> _Given data_:

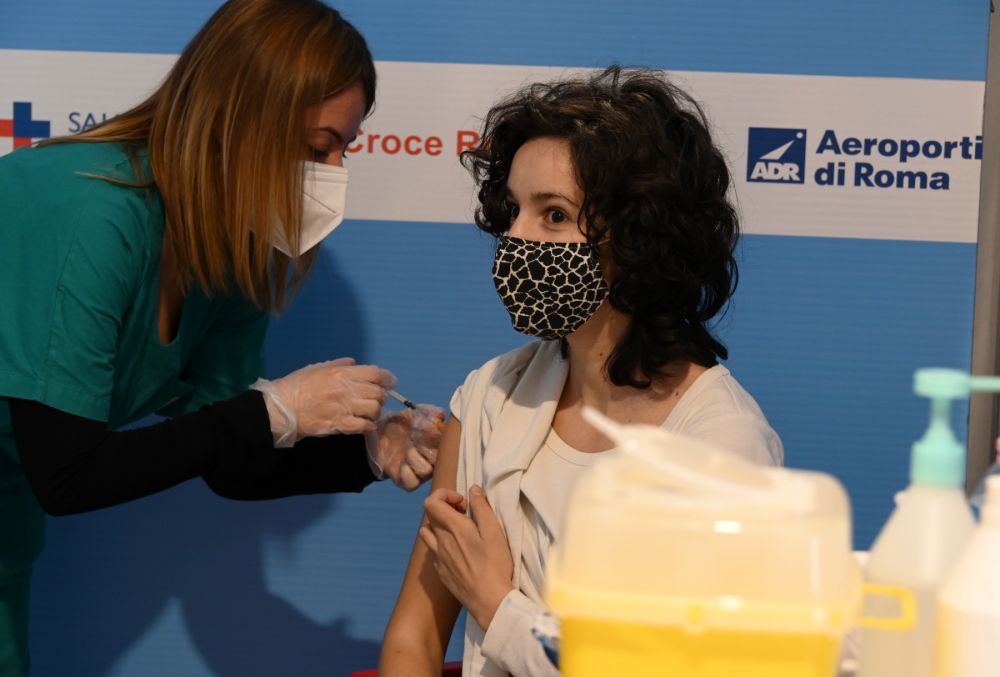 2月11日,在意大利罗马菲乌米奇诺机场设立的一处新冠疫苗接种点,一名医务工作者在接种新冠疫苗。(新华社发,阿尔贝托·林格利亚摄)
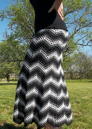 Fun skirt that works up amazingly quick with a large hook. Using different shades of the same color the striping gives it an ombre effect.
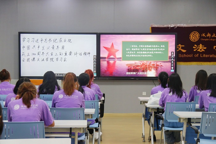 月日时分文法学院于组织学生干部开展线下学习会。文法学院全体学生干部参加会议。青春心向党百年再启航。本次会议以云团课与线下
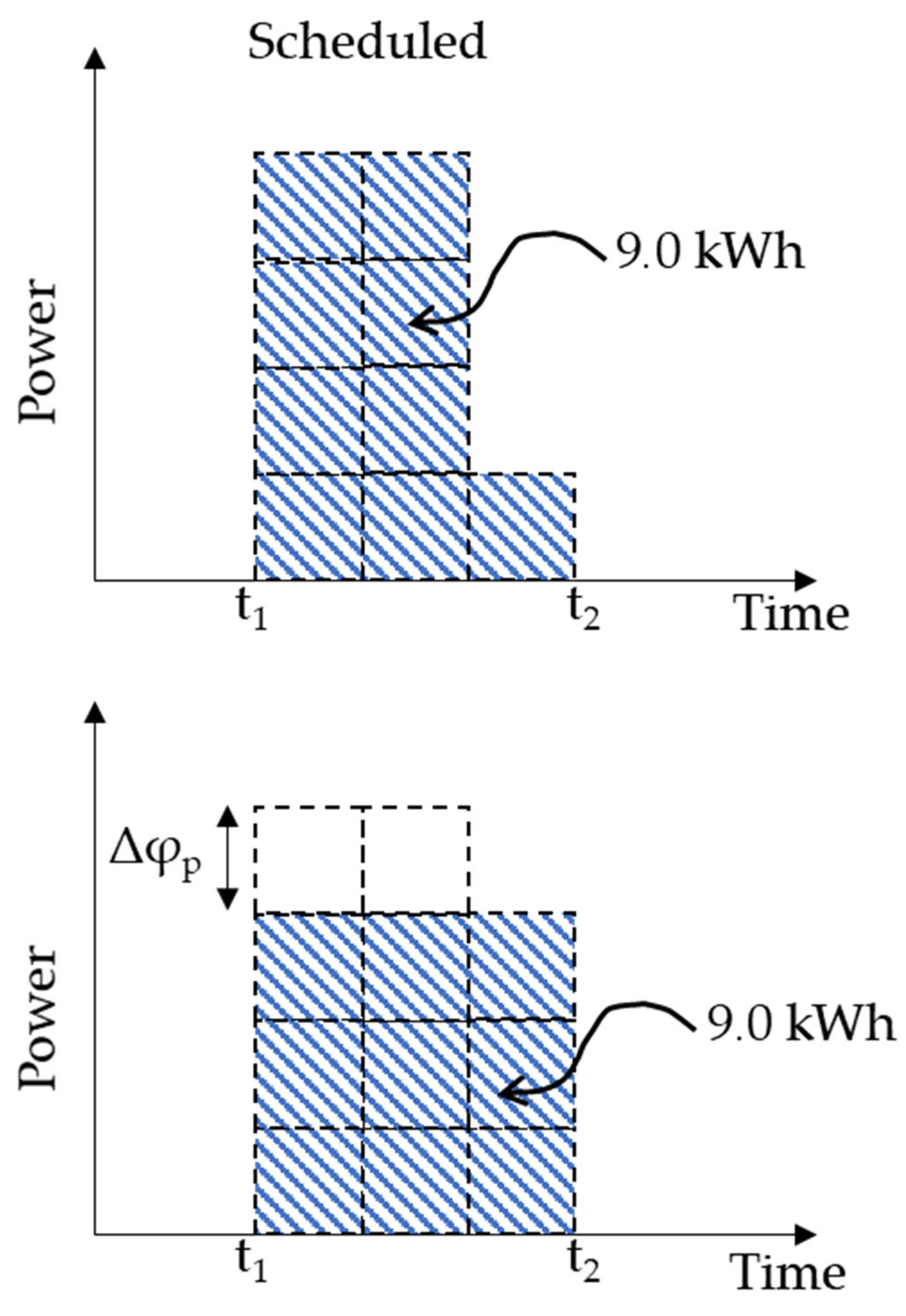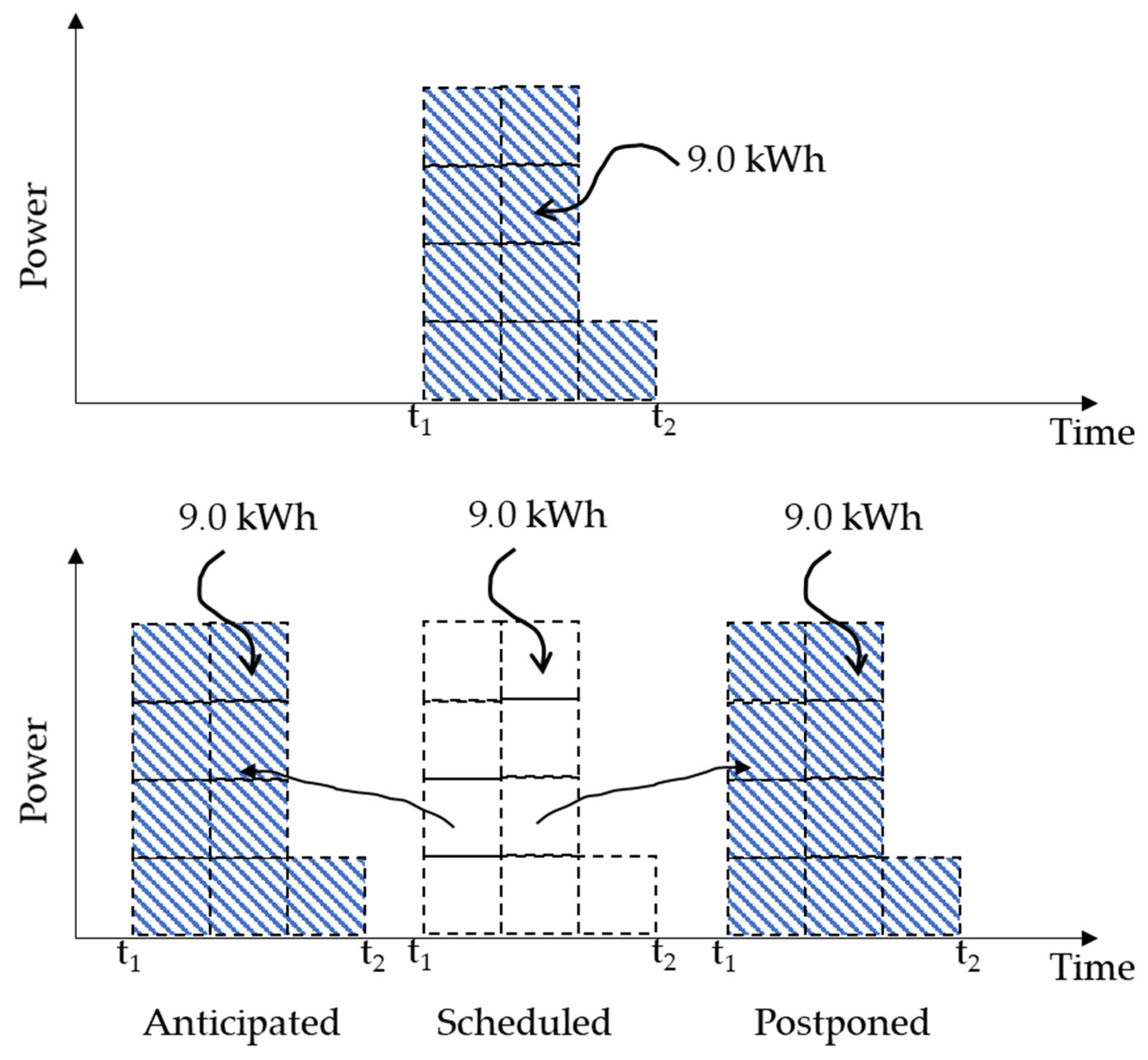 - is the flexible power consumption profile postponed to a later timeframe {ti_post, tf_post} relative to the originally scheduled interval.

> _Exercise aim_:
Provide the listing above once more, exactly, with the pictures removed.

> _Solution to the problem_:
 2月11日,在意大利罗马菲乌米奇诺机场设立的一处新冠疫苗接种点,一名医务工作者在接种新冠疫苗。(新华社发,阿尔贝托·林格利亚摄)
 Fun skirt that works up amazingly quick with a large hook. Using different shades of the same color the striping gives it an ombre effect.
 月日时分文法学院于组织学生干部开展线下学习会。文法学院全体学生干部参加会议。青春心向党百年再启航。本次会议以云团课与线下
 - is the flexible power consumption profile postponed to a later timeframe {ti_post, tf_post} relative to the originally scheduled interval.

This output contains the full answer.